The Northwest Ohio Center for Labor-Management Cooperation The Northwest Ohio Center for Labor-Management Cooperation The Toledo Labor-Management-Citizens Committee The Toledo Labor-Management-Citizens Committee

History Of The Toledo Labor-Management-Citizens Committee

Toledo has a long history of supporting the peaceful coexistence of labor and management. As early as 1915-1916 a group known as the Toledo Industrial Peace Board was promoting the formation of in-plant labor-management committees. A more formalized Toledo Industrial Peace Board was formed in 1935 and funded by the City of Toledo to provide a local resource for the mediation of labor-management disputes. The board functioned until the National War Labor Board was formed after the beginning of World War II.

As the war was coming to a close, Toledo began to look ahead at what it needed to do to attract its share of an anticipated boom in the manufacturing industry. At the urging of City of Toledo Vice Mayor Michael V. DiSalle, City Council created a study committee to determine if a successor to the Toledo Industrial Peace Board should be formed.

As a result of the study, Toledo City Council created the Labor-Management-Citizens Committee in early 1946. The LMC became the first organization of its kind in the nation. LMC has served as a model for many other area labor-management-citizen committees that have subsequently been formed.

The basic structure of the LMC has remained unchanged since 1946. The Committee is composed of a labor member panel, a management member panel and a public (citizen) member panel. Today there are a total of 48 members of the LMC, equally divided among the three panels. LMC's 48 panel members serve as volunteers. The committee selects a public member to serve as its chairman.

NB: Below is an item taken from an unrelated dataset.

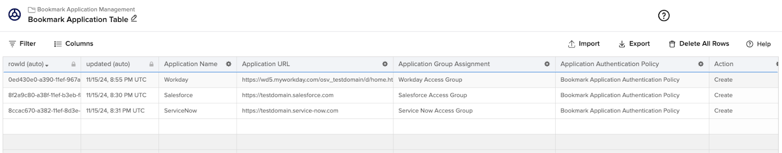 Action: Displays Create to indicate that bookmarks apps are created.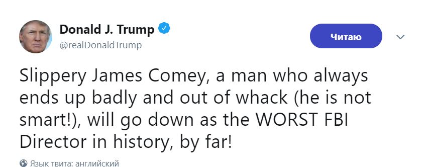 "Слизняк Джеймс Коми, который всегда плохо кончает и, несомненно, войдет в историю, как худший директор ФБР", - пишет Трамп.

The City of Toledo has provided continuous operating funds to the LMC since its inception. The LMC maintains an independent office at the Labor-management Center at the University of Toledo.

What Others Have Said About The Toledo LMC

On September 15 & 16, 1946, The Washington Post concluded a 14-part series on labor-management problems nationwide with two articles on the Toledo Labor-Management-Citizens Committee, then not even a year old. Below are two quotes taken from those articles, which still ring true today.

"This city has taken the uncommon course of applying common sense to the problem of industrial relations. It works."

"Its success, it appears clear, comes from the fact that when the top figures in labor and management have learned to agree with each other, or to settle their own differences by peaceful means, they can spread that amity throughout the community in which they live."